I read that and, if I can be honest with you, I’m not there. However, I want to be there. I want us to be a people that Scripture tells us, to be a people that are there, who draw near to God. This is it. We want Him. We don’t want to be big. We don’t want to have stuff. We don’t want to have more things. We don’t want to have more activities. We want more of God. If we’re not careful, we can find ourselves playing games and not seeking after God, running after God, longing for God, individually and as a people together. We draw near to God with a sincere desire, a heart that longs for Him.

We have to be very, very careful. We live in a day where we have created a whole host of means and methods for doing church that, in the end, require any, if all, help from the Spirit of God. We don’t have to fast and pray for the church to grow because we have marketing to do that. We don’t have to pray to bring the crowds in. We have publicity for those things. No, absolutely not. God, make us a church that draws nearer to you, that longs to know you more and more and more, because we know the privilege we have, and we don’t want to neglect it looking for more stuff and more activities.

We come before Him with sincere desire; we come before Him with confident assurance. We come before Him with a sincere heart in full assurance of the faith, a confidence that you belong there, even when you fail, even when things are not going to way they should be going in your life. You come before God with confidence, because you are not there based on your own merit. You are there based on the merit of Jesus Christ. So, be confident in what He has done; what He has done is sufficient, and there’s nothing you can do to be sufficient. So, trust what He has done and have confident assurance in what He has done for you.

We come before Him with cleansed hearts. We talked about this last week. Our hearts sprinkled with the blood of Christ to cleanse us from a guilty conscience. We come before Him with hearts that know we’re not guilty. We come before Him with a clean conscience, a heart that says, “Yes, I am justified before you and able to stand before you.” We come before Him with cleansed hearts, and we come before Him with purified bodies; our bodies washed with pure water.

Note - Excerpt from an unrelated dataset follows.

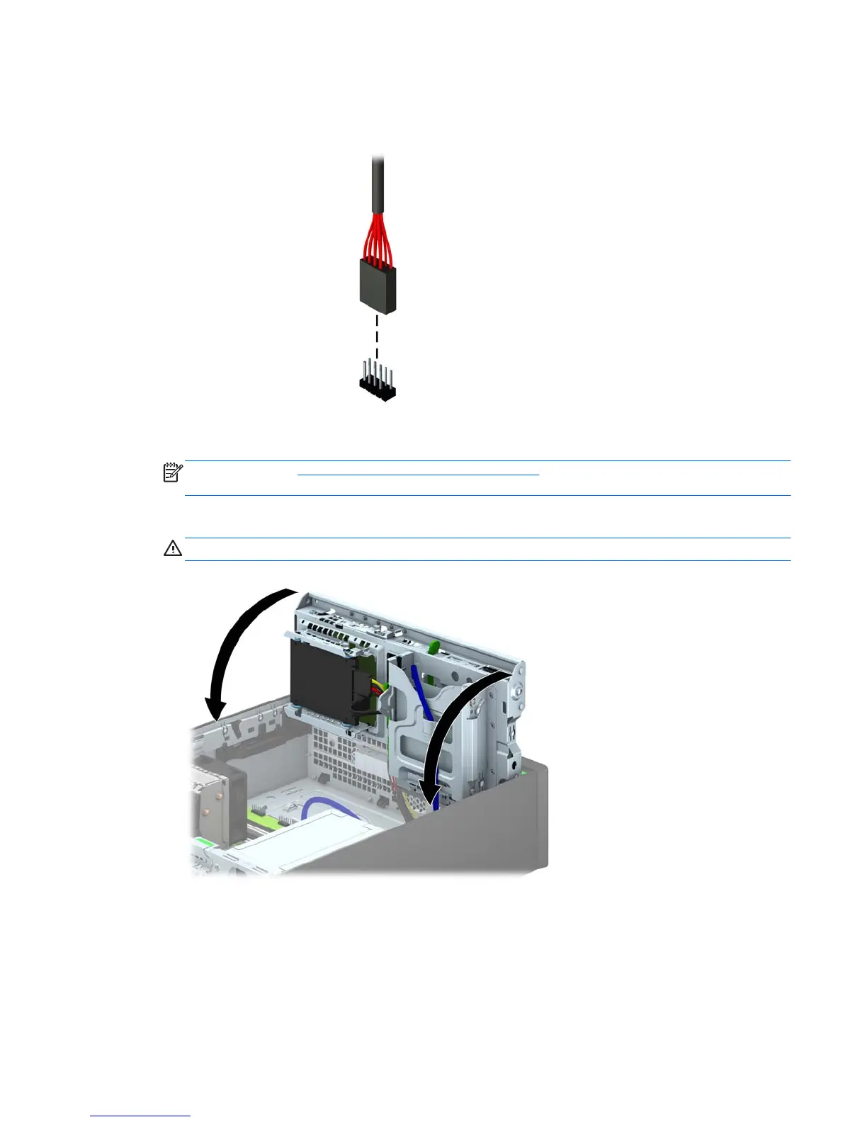 CAUTION: Be careful not to pinch any cables or wires when rotating the drive cage down.

Now, a side note here. There is a tension. We know that Scripture is teaching here that we have confidence to enter the Most Holy Place by the blood of Jesus. So, you have confidence to come before God boldly. At the same time, we know that all of us in this room still struggle with sin.

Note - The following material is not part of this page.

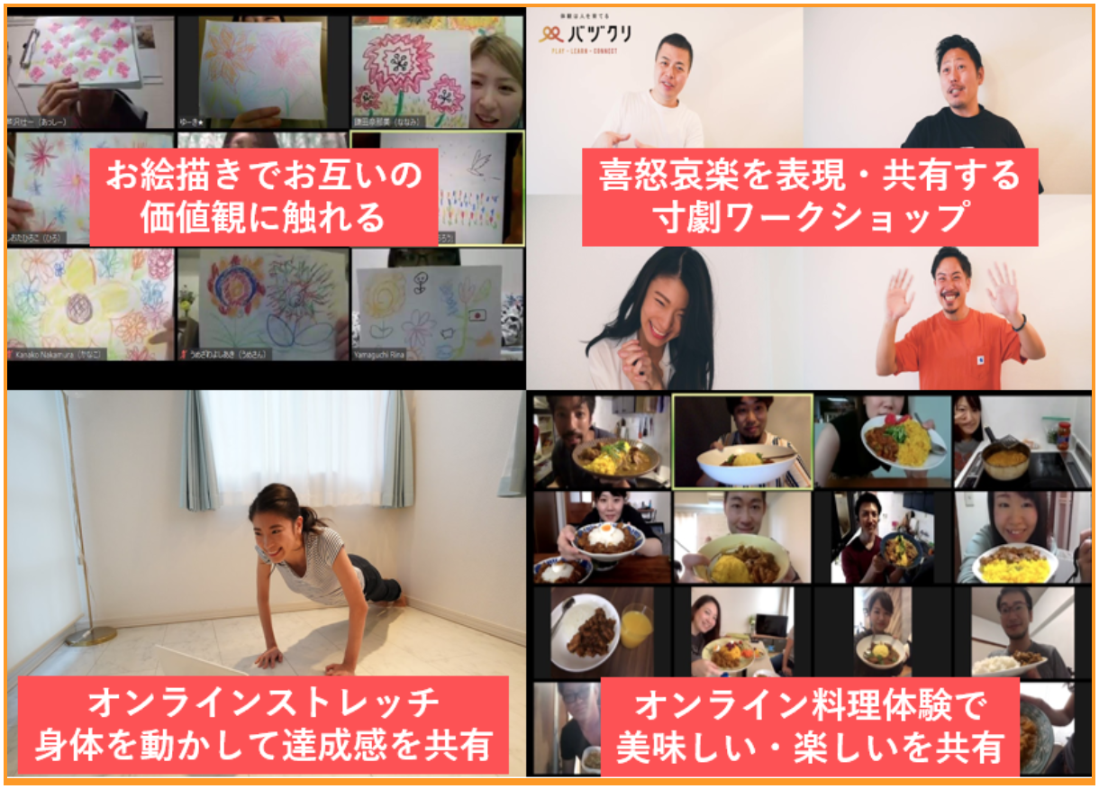 テレワークが促進される昨今、社内の飲み会やイベントの実施が難しく、社内コミュニケーションが不足している企業様に、社員の方々がオンラインで一緒に体験できる 「アソビ・学び・つながるプログラム」を提供しています。

So, how do we bring these two together? The picture that Scripture gives us, and this is so key: Three words. These are not in your notes. This is no extra charge. Three words that are so crucial for understanding our salvation. First, we’ve talked about this before, but just a reminder: Justification. We are justified before God. It’s what we’re seeing here in Hebrews 10. It’s what we saw when we studied Galatians. We are justified. What we sang about earlier in the song that Steven wrote, we are justified before God. We are declared righteous before God. When you and I stand in the presence of God, He looks at us and He sees us clothed with the very righteousness of Jesus Christ, justified before Him.

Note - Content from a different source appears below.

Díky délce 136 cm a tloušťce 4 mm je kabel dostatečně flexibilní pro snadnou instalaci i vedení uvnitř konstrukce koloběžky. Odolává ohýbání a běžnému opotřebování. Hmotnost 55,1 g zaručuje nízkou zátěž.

At the same time, we are being…second word…sanctified; sanctification. We’re being made holy. There are still areas of our life, facets of our life where the flesh and the sinful nature are still at work, and we’re asking God to purify us more and more and more. So, we have a right standing before God. At the same time, in practice, we are being made holy. We’re being made pure more and more every single day. It’s a process called sanctification.

Then, a third word, we’re going to be glorified one day: Glorification. There’s coming a day when sin will be gone from our lives. We will not struggle with sin anymore, and our salvation will be complete, and we will be with Him and dwell with Him forever. We will be glorified. So, we’re justified, we’re being sanctified, and we will be glorified.

So, when we talk about Hebrews 10, coming before God confidently, know that we can do that because we’re justified. We’ve got to guard against these thoughts that the Adversary will put in our minds that say, “You’re not worthy enough to go before God. Do you see what you did last night? You know what you did last week, last month? You can’t go before God.” You’re justified. You’re not guilty; no condemnation for those who are in Christ.

At the same time, we don’t say, “Well, I’m justified so, all right, I guess there’s nothing else to do in Christianity. I’m just going to coast my way into heaven.” No, we’re being sanctified, and we’re working on our salvation, Philippians 2, and we’re being purified more and more every single day. It’s a process, and we’re going to dive into that next week. However, just keep that in mind when we talk about coming before God in faith.

Together, we hold fast to God in hope.

First thing we do: Together, we draw near to God in faith based on the new covenant. We draw near to God in faith. Second, together, we hold fast to God in hope. We hold fast to God in hope. Verse 23, “Let us hold unswervingly to the hope we profess, for he who promised is faithful.” Wow, what a verse. Now, there’s a little problem this morning. When I submitted the outline that you have in your hands earlier this week, I got things a little backwards. So, we’re going to have to switch things around a little bit. You’ve got the basis for our hope, and then the barriers for our hope. We’re going to switch those around. This shouldn’t be too difficult. However, we really need to understand the significance of the barriers to our hope before we understand the glory behind the basis of our hope.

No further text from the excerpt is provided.